* _TRY IT_
With the pictures left out, restate exactly the part below that opens with the line containing "This Wilderness Survival" and closes with the line containing "A bottle of".

* _RECORDED INFORMATION_
--- --- ---
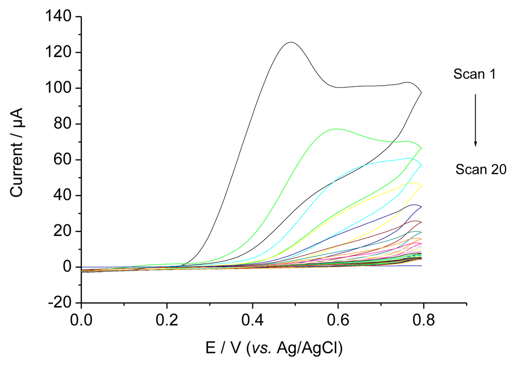 Figure 2 shows CVs during the electropolymerisation (EP) of a O-PD-Res mixture on a glassy carbon electrode in the presence of 0.4 mM TAM. In the first scan an irreversible peak was obtained between 400 and 450 mV. The current decreased with the subsequent sweeps and approached zero, indicating the formation of a non-conducting film on the electrode surface [7]. Because TAM is not electroactive in the potential range, similar CVs were obtained in the presence and absence of TAM.
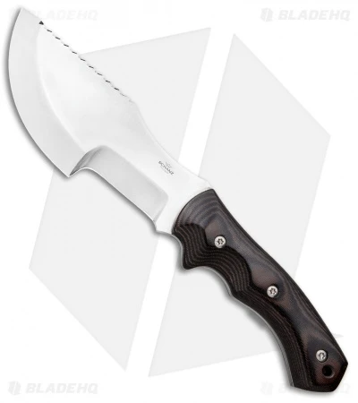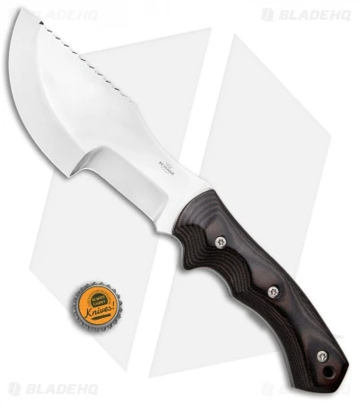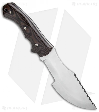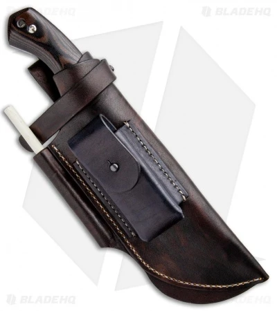 This Wilderness Survival Knife (WSK) from Jurgen Schanz in brown micarta is an extremely well-made fixed blade. The magnificent blade measures just over 2.5″ across at its widest point and utilizes a hollow grind on the draw blade edge and a strong convex grind on the upswept edge. Aggressive saw teeth are present on a portion of the blade spine. Polished, contoured layered Micarta scales over the full-tang blade promote stellar control and comfort. The WSK includes a premium leather sheath.
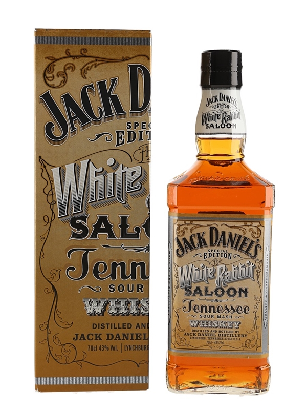 A bottle of Jack Daniel's Tennessee Sour Mash Whiskey originally released to celebrate 120 years since the opening of the White Rabbit Saloon in Lynchburg. The bar was once owned by Mr Jack Daniel himself but has since moved out of the town.
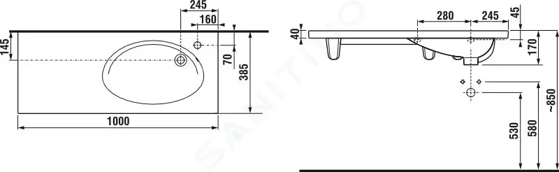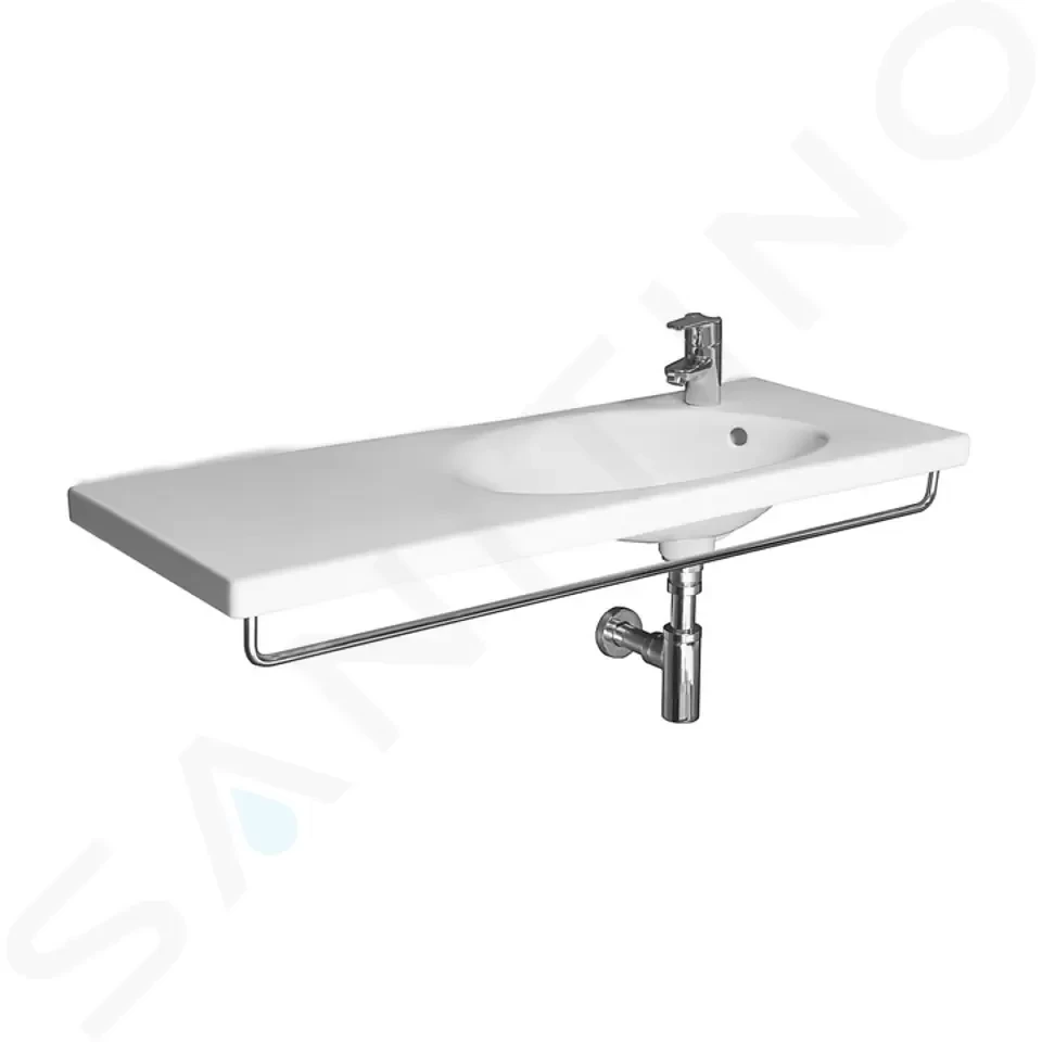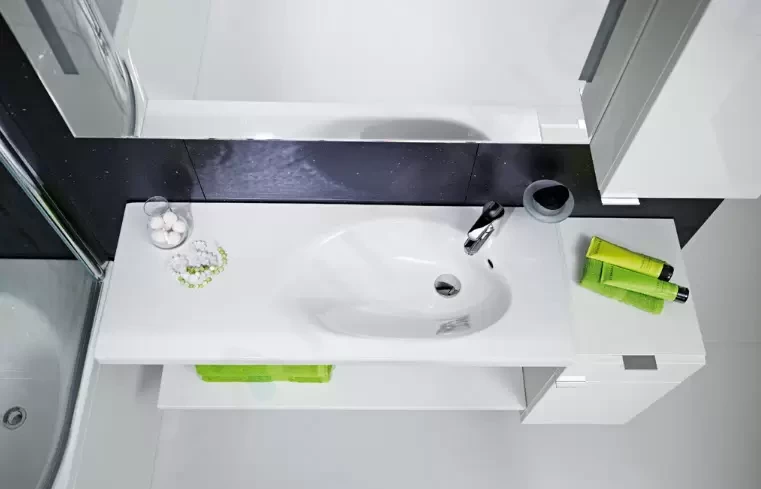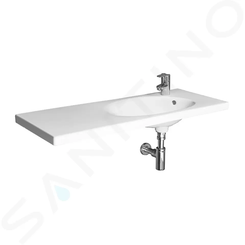 Moderní asymetrické umyvadlo 100 cm nabízíme s otvorem pro baterii vlevo či vpravo (případně bez otvoru) je hluboké 38,5 cm, takže i do nevelké koupelny přináší komfort většího privátního prostoru.
--- --- ---
* _EXERCISE RESULT_
 This Wilderness Survival Knife (WSK) from Jurgen Schanz in brown micarta is an extremely well-made fixed blade. The magnificent blade measures just over 2.5″ across at its widest point and utilizes a hollow grind on the draw blade edge and a strong convex grind on the upswept edge. Aggressive saw teeth are present on a portion of the blade spine. Polished, contoured layered Micarta scales over the full-tang blade promote stellar control and comfort. The WSK includes a premium leather sheath.
 A bottle of Jack Daniel's Tennessee Sour Mash Whiskey originally released to celebrate 120 years since the opening of the White Rabbit Saloon in Lynchburg. The bar was once owned by Mr Jack Daniel himself but has since moved out of the town.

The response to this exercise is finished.